Merkel Cell Carcinoma Metastasis to the Pancreas: Report of a Rare Case and a Review of the Literature



Neil Bhardwaj, Sebastien Haiart, Harsh A Kanhere, Guy J Maddern



University of Adelaide Discipline of Surgery, The Queen Elizabeth Hospital. Woodville, SA, Australia




Context Merkel cell carcinoma is a rare skin tumour which can metastasise to regional lymph nodes and occasionally to distant organs. Merkel cell carcinoma metastasis to the pancreas has been rarely reported. Case report We describe the case of Merkel cell carcinoma metastasis to the pancreas and review the literature on this rare phenomenon. Conclusion Merkel cell carcinomas metastasis should be considered as a differential in patients who present with a pancreatic mass with a previous history of Merkel cell carcinomas.

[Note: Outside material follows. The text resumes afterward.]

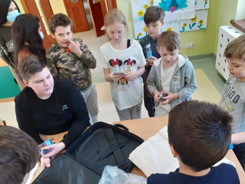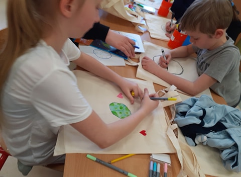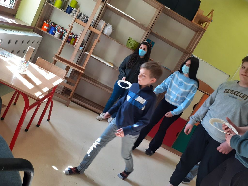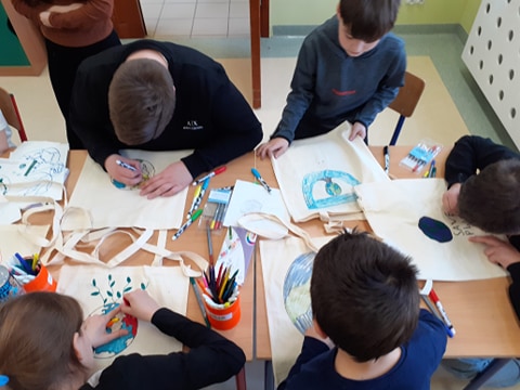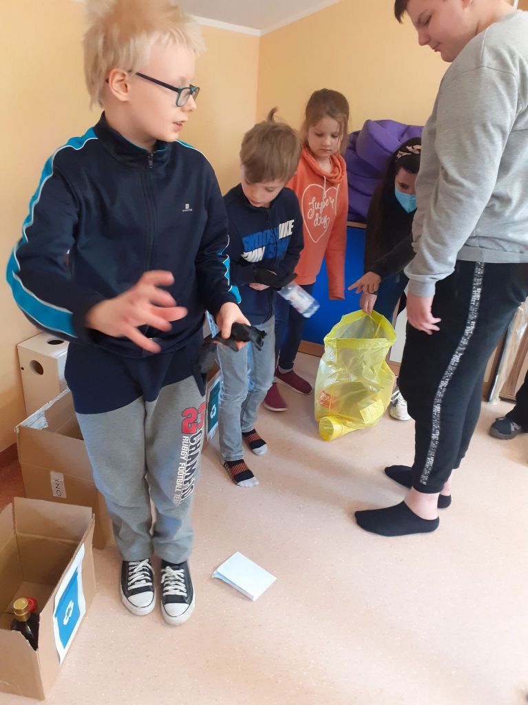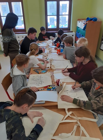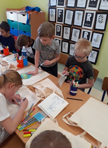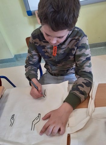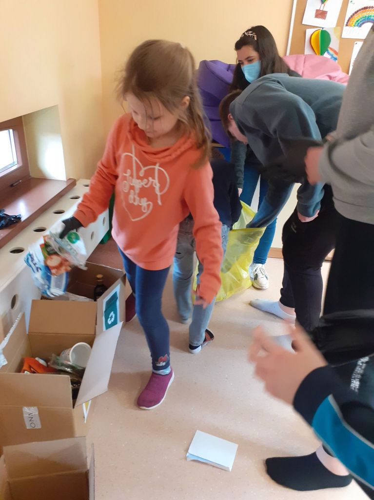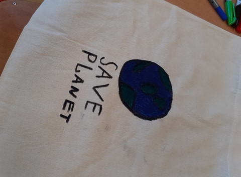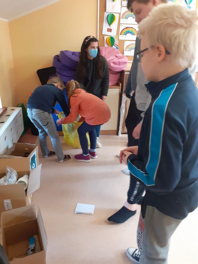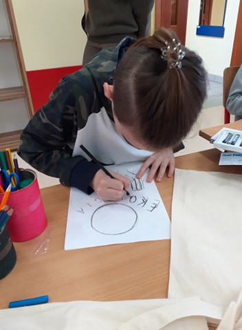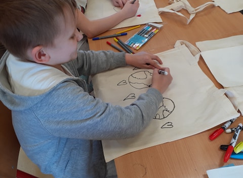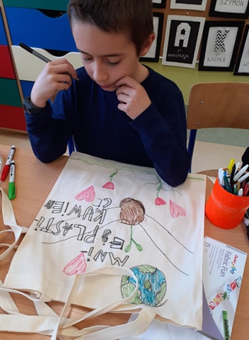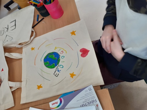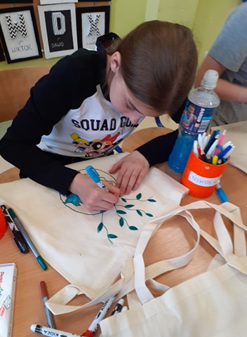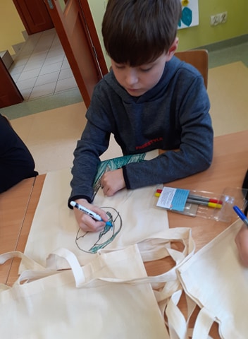 Ostatnie dwa dni to połączenie super zabawy i edukacji, a to za sprawą naszych dwóch wolontariuszek z @Europejski Korpus Solidarności – Inmy i Alicji, które przygotowały dla nas Eko warsztaty. Niejako kontynuując zajęcia które odbyły się z okazji Dnia Ziemi, pogłębiliśmy naszą wiedzę na temat tego jak dbać o naszą planetę. Wiemy już co należy robić: wyłączać światło po wyjściu z pomieszczenia i urządzenia, kiedy z nich nie korzystamy; zakręcać kran tak, aby nie kapała z niego woda; wziąć prysznic zamiast kąpieli w wannie; segregować śmieci, aby mogły zostać poddane recyclingowi. Kiedy już sobie pewne rzeczy przypomnieliśmy, a o innych dopiero się dowiedzieliśmy, czekało na nas kilka zadań do wykonania – zrobienie karmnika dla ptaków, zasadzenie roślinki, posegregowanie śmieci do właściwych pojemników czy dopasowanie czynności do tych chroniących środowisko lub nie. Tego dnia otrzymaliśmy również woreczki na owoce i warzywa, aby uniknąć używania w sklepie tych foliowych. Wolontariuszki ogłosiły nawet w związku z tym konkurs – przewidziały nagrodę dla osoby, która dostarczy najwięcej zdjęć świadczących o tym, że eko woreczek był używany. Drugi dzień zajęć to eko torby na zakupy. Jednak aby je otrzymać, musieliśmy rozwiązać kilka zagadek. Kiedy nam się to udało, uzyskaliśmy kod do otwarcia torby, w której były one ukryte. Nie chodziło o to, aby było one takie zwyczajne, a ozdobione przez nas w duchu ekologicznym. Nie było na nich zatem super bohaterów, postaci z bajek, słodkich zwierzątek i innych, a hasła i obrazki zachęcające do dbania o Ziemię i środowisko naturalne.

Merkel cell carcinomas is a rare skin tumour first described by Toker in 1972. The cells arise from the amine precursor uptake and decarboxylation cell system and, although originally thought to migrate from the neural crest, recent mammalian studies suggest they develop from epidermal cell lineage. They only represent a fraction of skin cell tumours with an incidence of 0.18-0.41/100,000 and UV light and fair skin are known risk factors [1]. Merkel cell carcinoma show a propensity for local spread and metastasis to regional lymph nodes and, although distant metastasis has been reported in multiple sites including intra-abdominal, thoracic, and the central nervous system [2, 3, 4], pancreatic metastasis is rare. We present a case of pancreatic metastasis of Merkel cell carcinoma and review the literature concentrating particularly on the pattern of presentation of this rare disease and the variety of surgical, adjuvant and neo-adjuvant treatments available.


A 62-year-old Caucasian woman from regional Australia presented to our hospital in 2013 for investigation of a pancreatic mass found on CT whilst being investigated by her general practitioner for epigastric pain, bloating and anorexia. The scan showed a large mid-body pancreatic mass with vascular involvement, thought to be most likely a primary pancreatic tumour, and she was referred to our unit for further treatment (Figure 1). Her tumour markers including CA 19.9 were normal and after discussion in the multi-disciplinary meeting she underwent a trans-hepatic percutaneous biopsy for this unresectable mass. Pathological examination of this tissue showed CD56 and CK20 positivity and two independent pathologists reported it to be most likely of Merkel cell carcinoma origin.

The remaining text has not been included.